PORTLAND, Ore. (KOIN) — Artist Julia Bond was looking for a reaction from her creation, the Otherly Spectrum Coat, which goes from the darkest shades of black to the whitest white. It’s a statement about the difference even within the Black community.
“What’s white and what’s black here? Or are all of them black, right? So the coat itself is really an idea of that spectrum, what Blackness is,” Bond said.
She is one of 28 local artists showing their work at the Black Lives Matter Artist Grant Exhibition at Portland State University’s Jordan Schnitzer Museum of Art.
Schnitzer, a Portland philanthropist, financed $2500 grants to Black artists locally and at his other campus museums at the University of Oregon and Washington State.

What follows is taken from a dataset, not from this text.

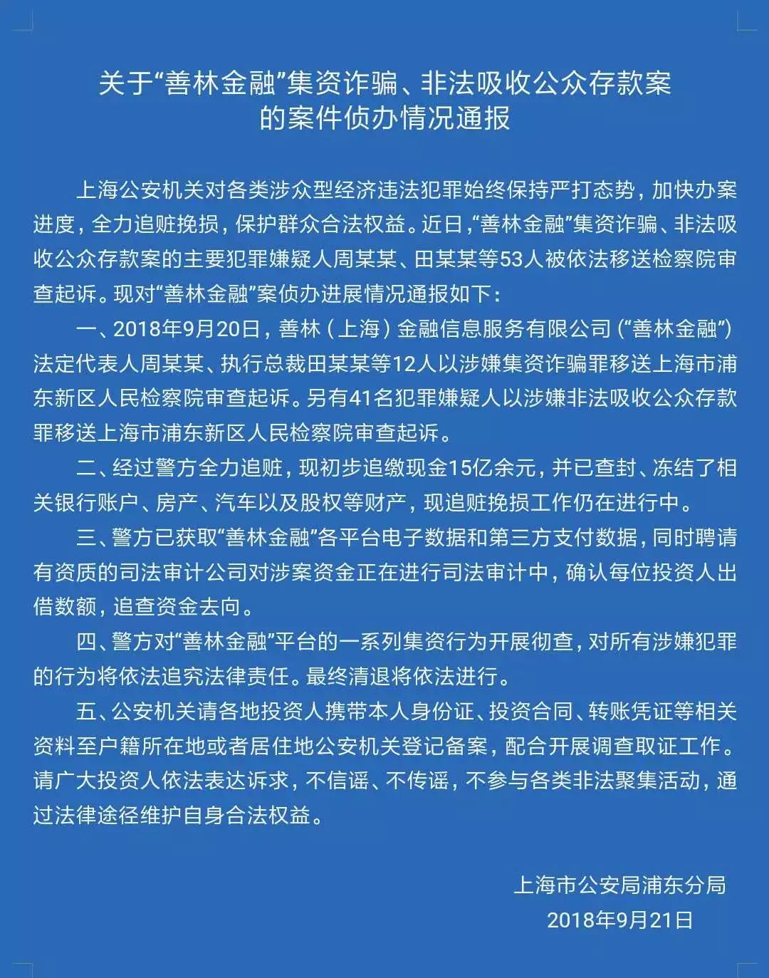 据上海市公安局官方公众号“警民直通车上海”,9月20日,上海市公安局浦东分局将善林(上海)金融信息服务有限公司(“善林金融”)法定代表人周某某,执行总裁田某某等12人以涉嫌集资诈骗罪移送浦东新区人民检察院审查起诉,另有41名犯罪嫌疑人以涉嫌非法吸收公众存款罪移送浦东新区人民检察院审查起诉。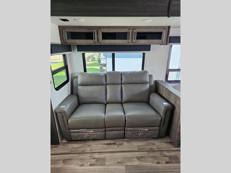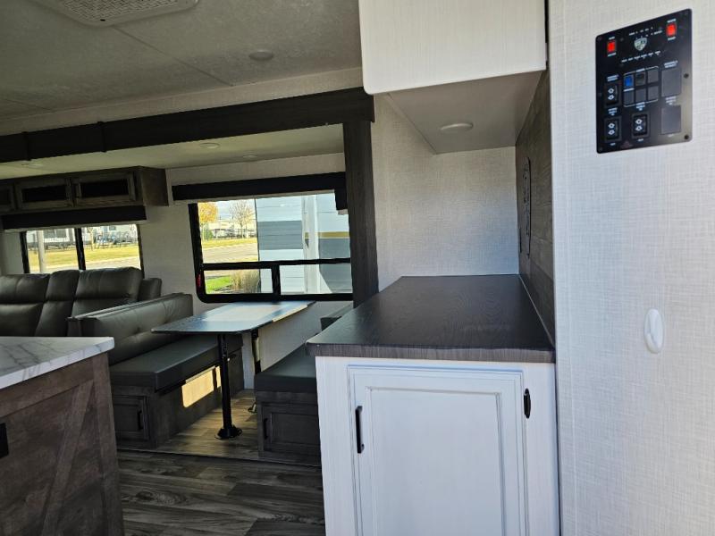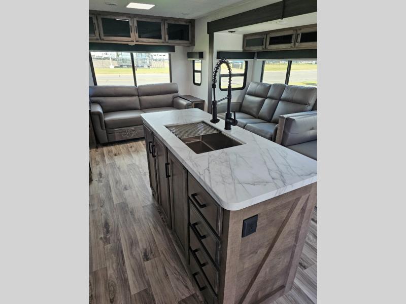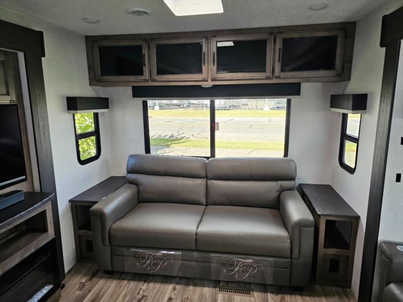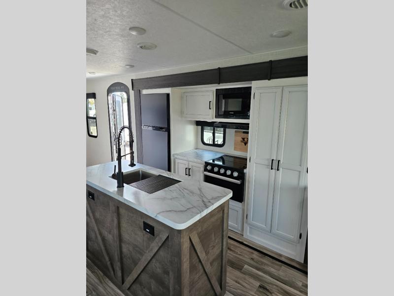 You will feel right at home camping in this travel trailer! From the front private bedroom with a Sleep Tight queen bed to the rear living area with a 70" sofa. The living area also has theater seating with USB ports across from the entertainment center that has a 40" TV on a swing arm for all to see, even those preparing dinner at the kitchen island. Breathe in some fresh air and enjoy a sunrise breakfast as you cook pancakes on the griddle at the outside campfire café. You can store your dishes in the hutch and play games at the 42" booth dinette. After a fun day at the beach, head to the dual entry bathroom to rinse the sand out of your hair in the 34" radius shower and grab your towel from the convenient linen closet!

“So in the anguish of the George Floyd murder, other atrocities and issues happened,” Schnitzer told KOIN 6 News. “I reached out to that group of people who are spokespeople for issues facing society — artists.”
JSMA Executive Director Maryanne Ramirez said the artists used the grant money in different ways.
“Some of the artists used it for work that had recently been created, so they were able to then use the funds to pay bills, or support other endeavors,” she said.
The work, like Edmund Holmes “Black Shield Series,” is provocative.
“You know,” Ramirez explained, “having to be overly friendly or overly happy in order not to be perceived as a threat.”
“This work is important,” Bond said. “This work is necessary. And then to be sitting with all of these other artists here, couldn’t ask for anything better.”
The exhibition runs through April 30. It is free and open to the public.